Items listed in a dataset:
--- START ---
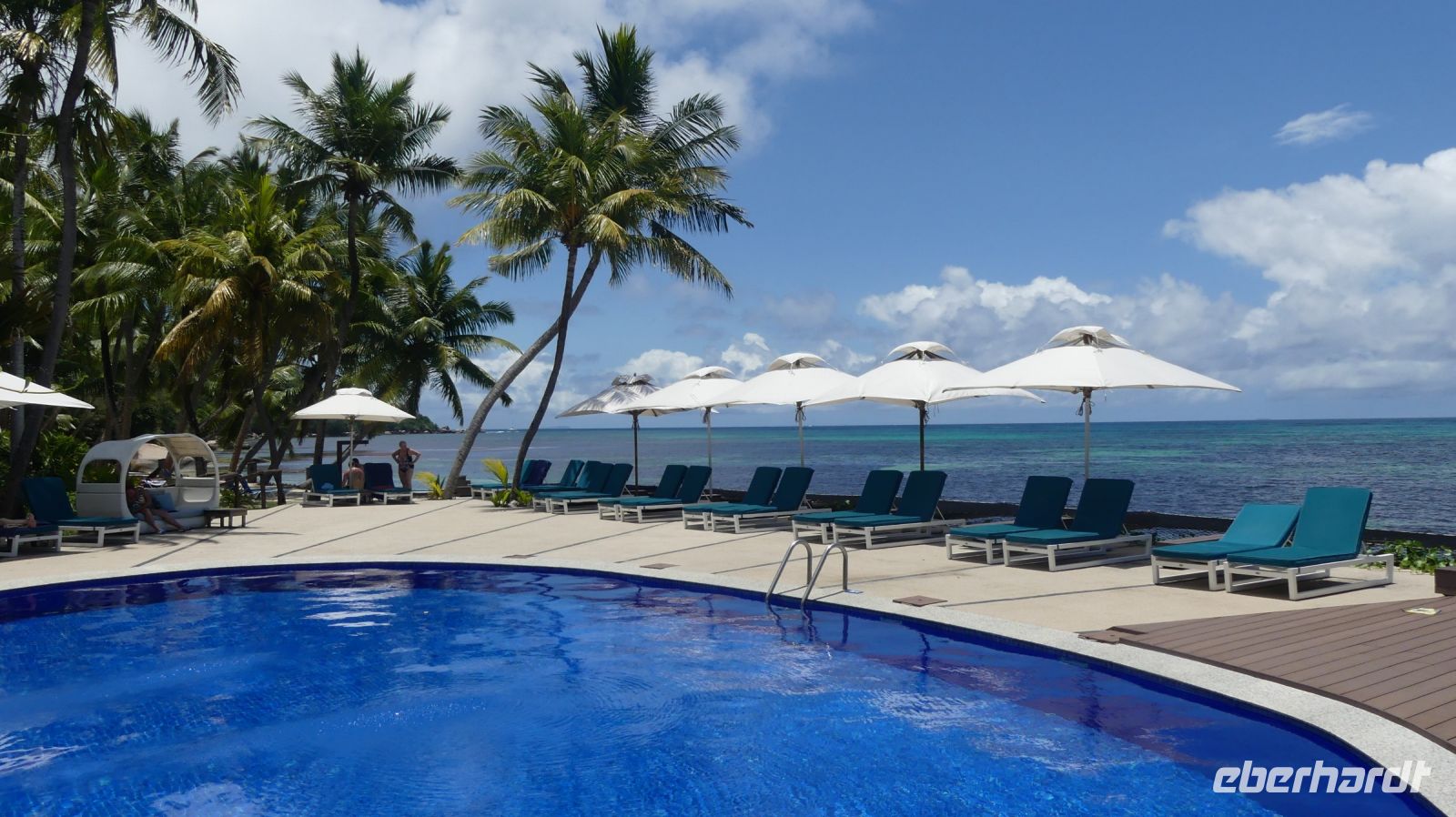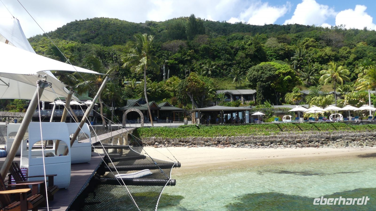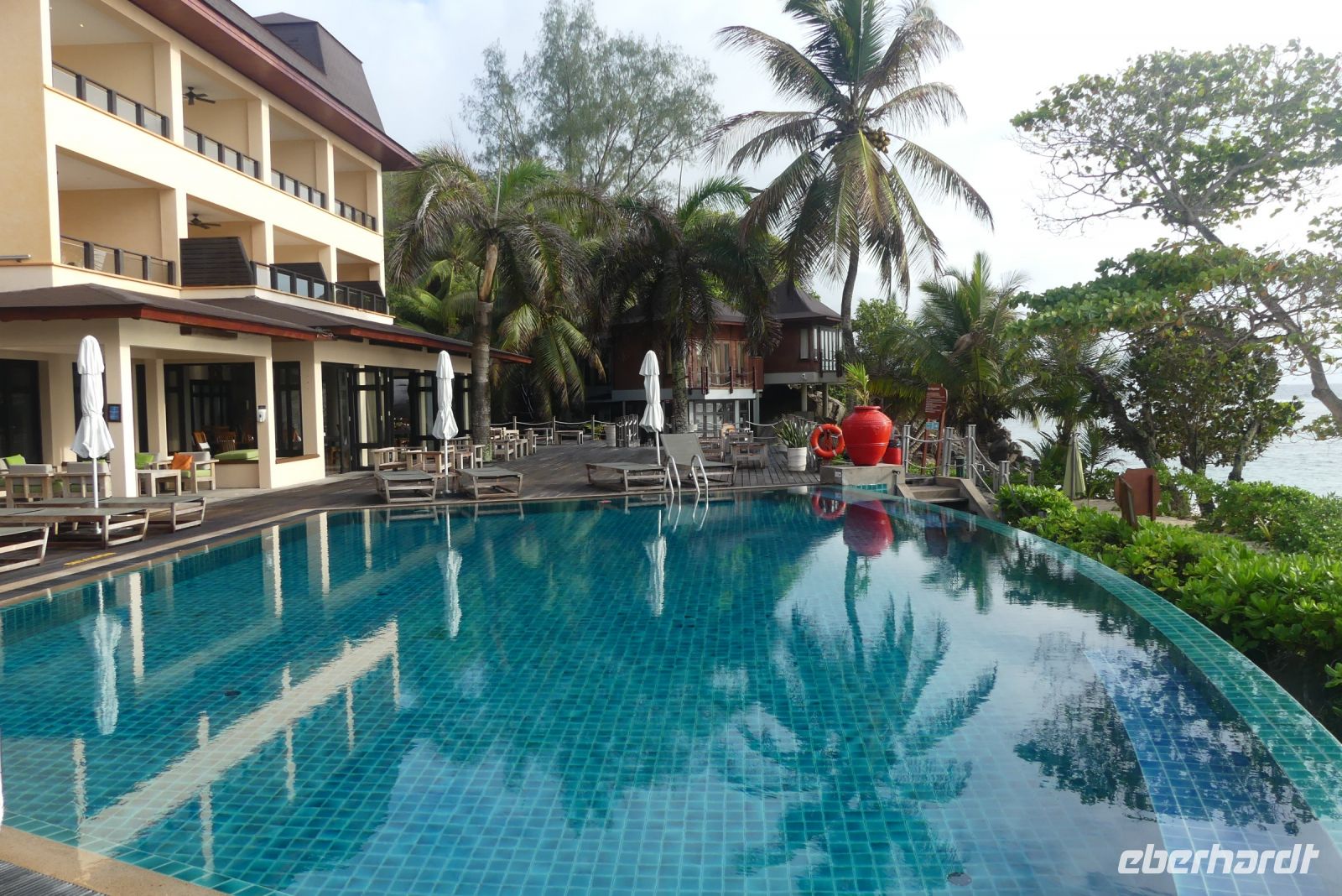In der Hotelanlage kann man sich sehr gut an einem der Pools entspannen. Das Coco de Mer Hotel hat einen Süßwasser- und einen Salzwasserpool. Letzterer befindet sich auf der Steganlage unter weißen Segeldächern, ist gekühlt und bietet den perfekten Blick auf den Sonnenuntergang. Auch die ca. 80 Hektar große Gartenanlage will erkundet sein. Coco de Mer Palmen, Kokospalmen, Mangobäume, Hibiskussträucher u. v. m. zieren die Anlage.
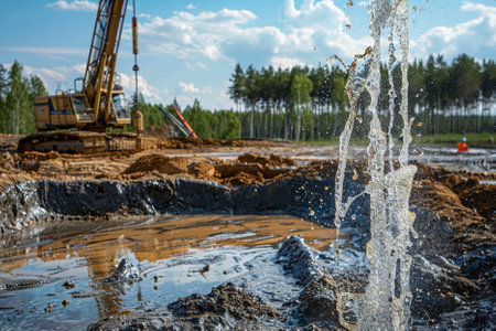A powerful drill operates in a construction site, breaking through dirt and gravel while splashing water, showcasing the energy of industrial work.
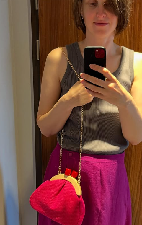 Сумочка виглядає дуже стильною, сучасною та водночас грайливою завдяки яскравим кольорам і незвичайному поєднанню матеріалів.
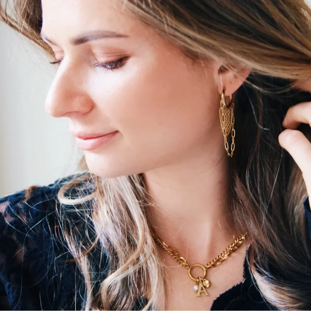We love deze stoere statement hoops! Deze mooie oorringen zijn een echte musthave. De oorring is voorzien van verschillende kettinkjes. Combineer de oorbellen met goudkleurige studs of andere oorringen en je earparty is helemaal compleet!
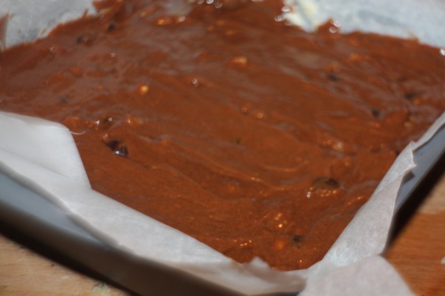 6. Smør en 18×26 cm panne med smør, legg bakepapir over(da klistrer bakepapiret seg til bunnen). Du kan også bruke en liten springform, eller små porsjonsformer. Stek på 200 grader i ca. 20 min.
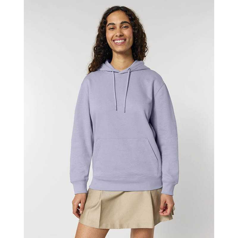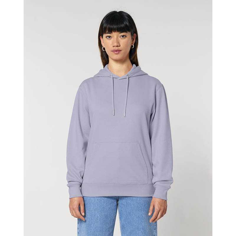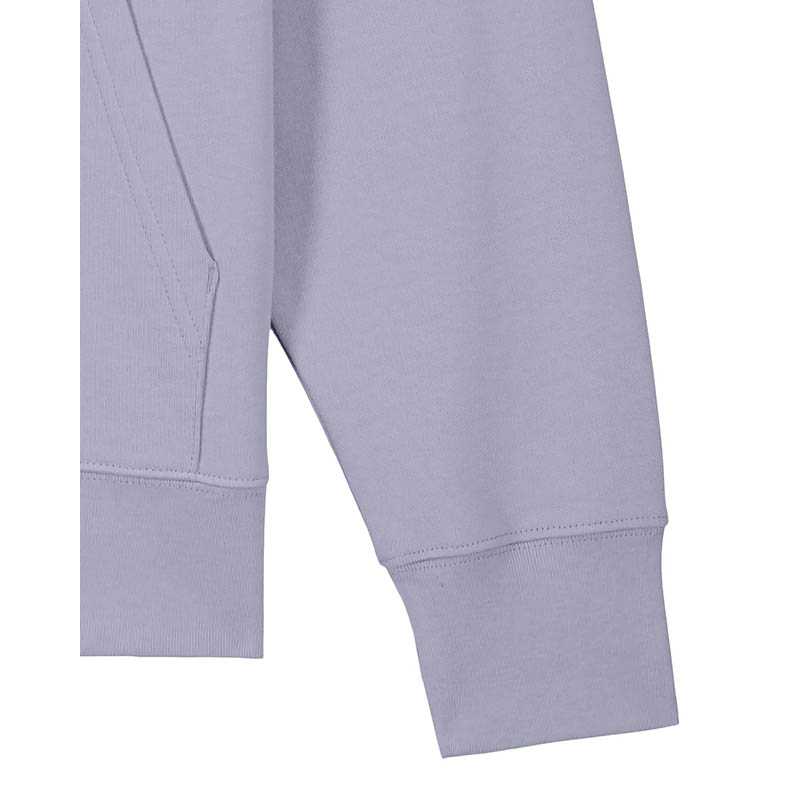 Kruhově dopřádaná bavlna. Designová dvouvrstvá kapuce. Velká klokaní kapsa. Kapsa na rukávu se zipem. Manžety ze sladěné tkaniny
--- END ---
# [Assignment]
The reply needs to repeat exactly the line containing "A powerful drill" and each line after it, through the final line of the entries above, and to skip the pictures.

# [Answer space]
A powerful drill operates in a construction site, breaking through dirt and gravel while splashing water, showcasing the energy of industrial work.
 Сумочка виглядає дуже стильною, сучасною та водночас грайливою завдяки яскравим кольорам і незвичайному поєднанню матеріалів.
We love deze stoere statement hoops! Deze mooie oorringen zijn een echte musthave. De oorring is voorzien van verschillende kettinkjes. Combineer de oorbellen met goudkleurige studs of andere oorringen en je earparty is helemaal compleet!
 6. Smør en 18×26 cm panne med smør, legg bakepapir over(da klistrer bakepapiret seg til bunnen). Du kan også bruke en liten springform, eller små porsjonsformer. Stek på 200 grader i ca. 20 min.
 Kruhově dopřádaná bavlna. Designová dvouvrstvá kapuce. Velká klokaní kapsa. Kapsa na rukávu se zipem. Manžety ze sladěné tkaniny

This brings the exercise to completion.